Asosiasi Pengusaha Indonesia (Apindo) menilai bahwa kebijakan pemerintah melonggarkan syarat Tingkat Komponen Dalam Negeri (TKDN) untuk barang impor dari Amerika Serikat (AS) tidak akan serta-merta menurunkan minat investasi asing langsung (foreign direct investment/FDI) maupun memicu pemutusan hubungan kerja (PHK).
Ketua Umum Apindo, Shinta Kamdani, menyatakan permasalahan utama dalam daya saing investasi Indonesia tidak semata-mata terletak pada TKDN, melainkan lebih pada kompleksitas regulasi dan iklim berusaha secara umum. Ia menekankan pelonggaran TKDN bukanlah faktor tunggal yang menentukan permasalahan industri dalam negeri.
“Jadi bukan berarti kalau kemudian kita mengurangi TKDN, (impor) menjadi dipermudah dan lain-lain, itu kemudian tidak bisa mendorong lebih banyak investasi yang masuk. Karena elemen daripada attractiveness atau daya saing dari Indonesia itu jauh melebihi daripada hanya urusan TKDN,” kata Shinta dalam konferensi pers Rakerkornas Apindo 2025 di Jakarta Selatan, Selasa (29/7).
Shinta juga memastikan kekhawatiran pelonggaran TKDN akan menimbulkan gelombang PHK tidak berdasar. Menurutnya, pelaku usaha justru akan terdorong untuk tetap menciptakan lapangan kerja melalui pengembangan industri dalam negeri, selama proses deregulasi dan perbaikan iklim usaha terus dijalankan.
“Saya rasa enggak ya (picu PHK), menurut saya itu tidak directly related antara TKDN dan PHK,” ujar Shinta.

Meskipun secara konsep pelonggaran TKDN dapat memicu peningkatan impor karena tidak lagi mewajibkan kandungan lokal dalam produksi, tetapi hal tersebut tidak serta-merta terjadi di lapangan. Ia menegaskan bahwa Indonesia tetap memiliki aturan-aturan main yang mengatur masuknya barang impor sehingga dampaknya tidak sesederhana yang dikhawatirkan.
Permudah Izin
Menurutnya, isu utama yang lebih mendesak adalah deregulasi. Ia menyebut Indonesia masih tertinggal dibanding negara tetangga dalam hal kemudahan berusaha. Masalah perizinan, regulasi yang tumpang tindih antara pusat dan daerah, serta prosedur administratif yang berbelit-belit, menjadi penghambat utama masuknya investasi baru.

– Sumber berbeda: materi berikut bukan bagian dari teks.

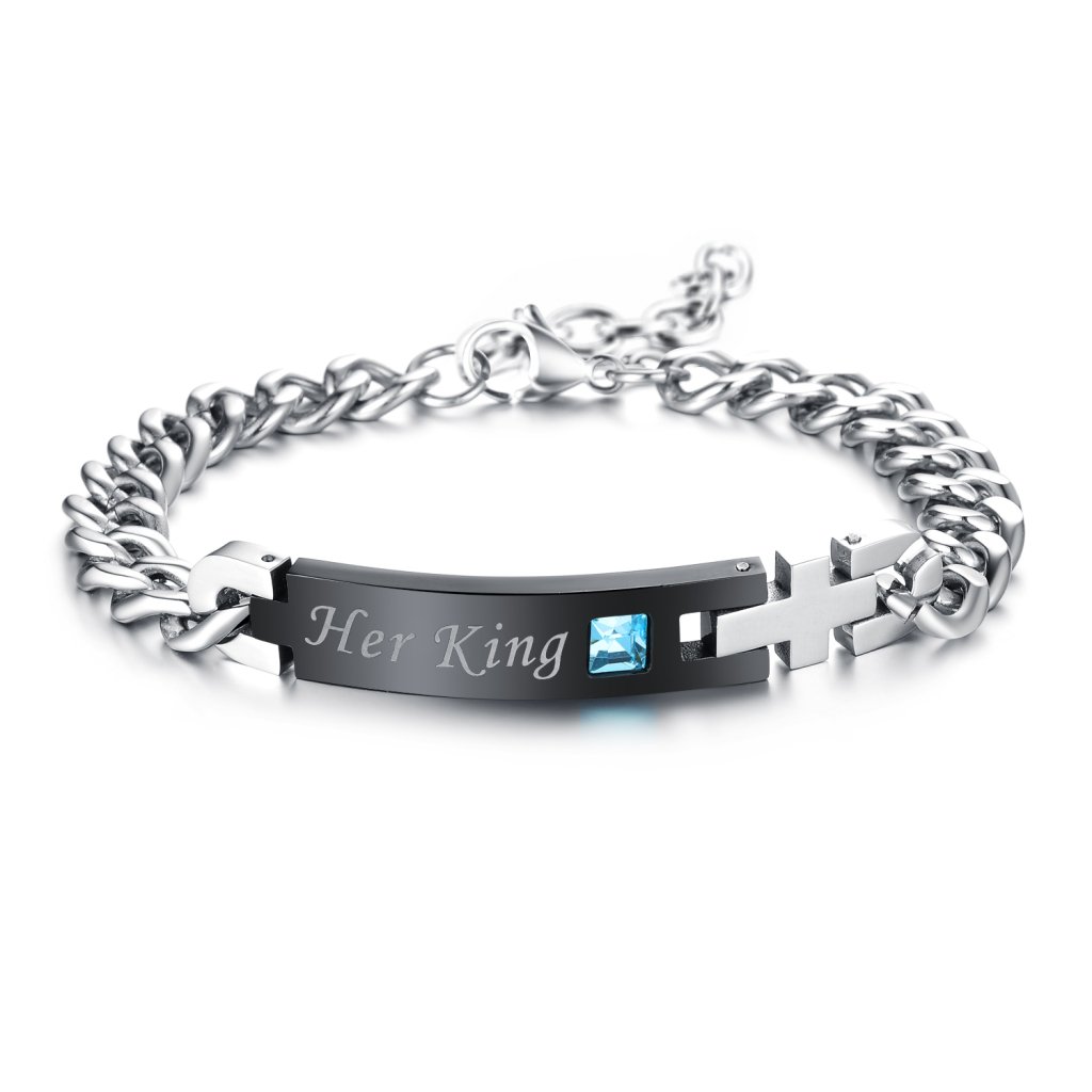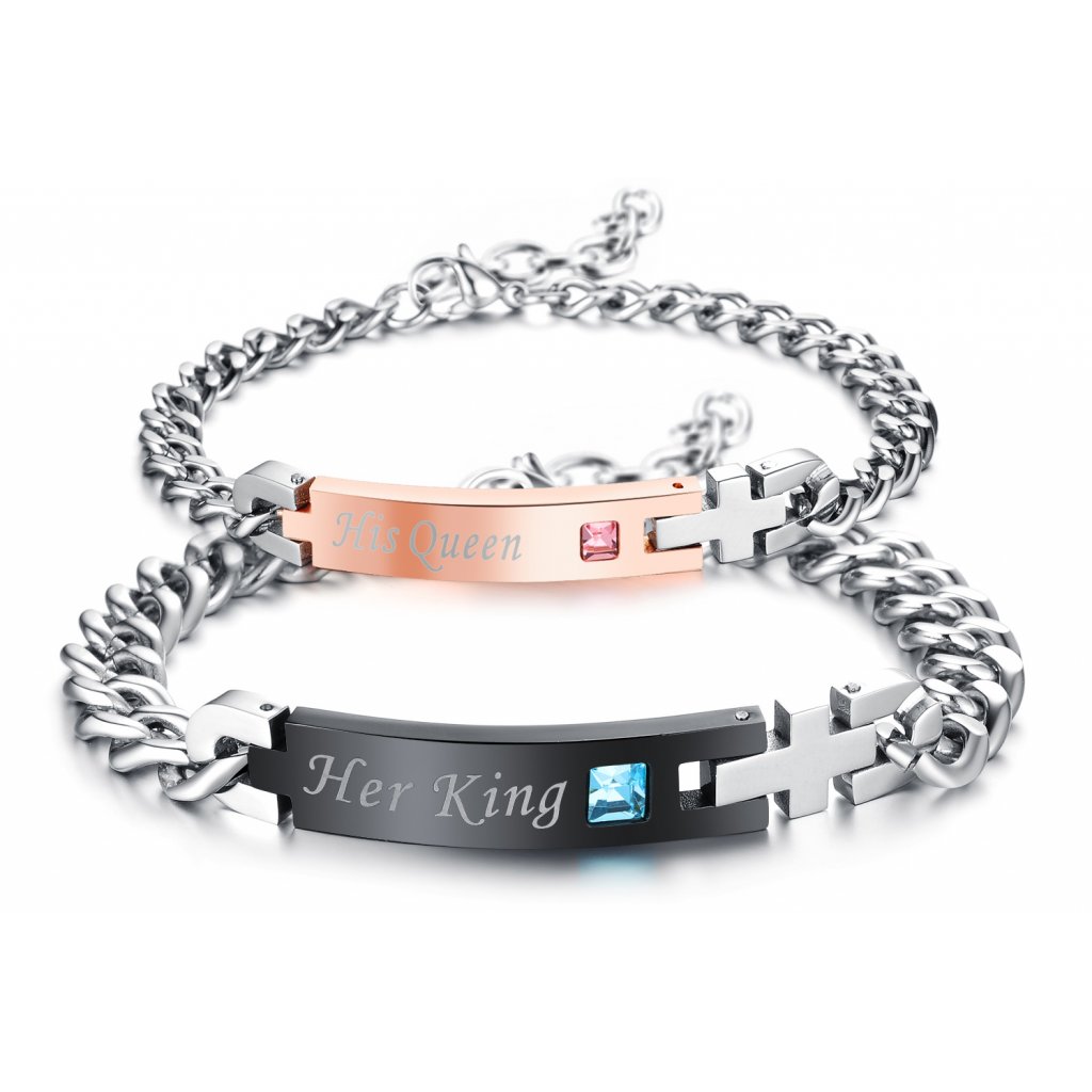 Partnerské náramky s nápisom "Her King" a "His Queen". Dĺžka náramkov je nastaviteľná, pánsky 19 až 23 cm, dámsky 16 až 19,5 cm. Objednajte si ešte dnes 2 náramky za 1 cenu. Náramky sú vyrobené z kvalitnej chirurgickej ocele s očarujúcim leskom a navyše zabalené v štýlovej darčekovej krabičke. Chirurgická oceľ 316 L patrí vďaka svojim vlastnostiam medzi najvhodnejšie materiály na výrobu šperkov. Tie najdôležitejšie sú vysoká tvrdosť - materiál má vysokú tvrdosť, neohýba sa ani neláme, farebná stálosť - nedochádza k zmene farieb spôsobených vplyvom svetla a odolnosť povrchu - povrch je odolnejší voči poškriabaniu než striebro či zlato.

“Malahan konsep deregulasi ini yang harus menjadi titik utamanya, bahwa saat ini kita masih dianggap doing business Indonesia masih sulit, kalau dibanding dengan negara tetangga perizinannya masih juga perlu diperbaiki gitu, hal-hal ini regulasi tumpang tindih, pusat dan daerah dan lain-lain ini juga masih menjadi fenomena klasik yang justru menghambat investasi yang ada,” jelas Shinta.
Ia pun menambahkan bahwa program hilirisasi tetap krusial sebagai bagian dari strategi industrialisasi nasional. Menurutnya, hilirisasi tidak hanya penting untuk meningkatkan nilai tambah, tetapi juga harus dibarengi dengan penguatan industri hulu dan pengurangan ketergantungan terhadap impor melalui substitusi.
“Bagaimana caranya kita bisa mengembangkan lebih banyak industri kita, untuk juga tidak hanya hilirisasi tapi juga industri hulu kita gitu, karena kita mau mengurangi impor justru kan, jadi kita perlu ada substitusi impor,” ujarnya.

Sebelumnya, dalam dokumen Lembar Fakta: Amerika Serikat dan Indonesia Mencapai Kesepakatan Perdagangan Bersejarah yang dirilis pada Rabu (23/7), terdapat poin-poin kesepakatan non-tarif yang dicapai antara Indonesia dan AS, termasuk menghapus kewajiban Tingkat Komponen Dalam Negeri (TKDN) bagi semua produk AS yang masuk Indonesia.
“Indonesia akan menangani berbagai hambatan non-tarif, antara lain dengan cara mengecualikan perusahaan dan barang asal Amerika Serikat dari kewajiban Tingkat Komponen Dalam Negeri (TKDN) atau persyaratan kandungan lokal," tulis Gedung Putih dalam dokumen tersebut, dikutip Selasa (29/7).
Di sisi lain, Kementerian Perindustrian (Kemenperin) juga tengah menyiapkan reformasi aturan Tingkat Komponen Dalam Negeri (TKDN). Aturan ini bertujuan menjaga industri lokal dari serbuan barang impor yang kian masif.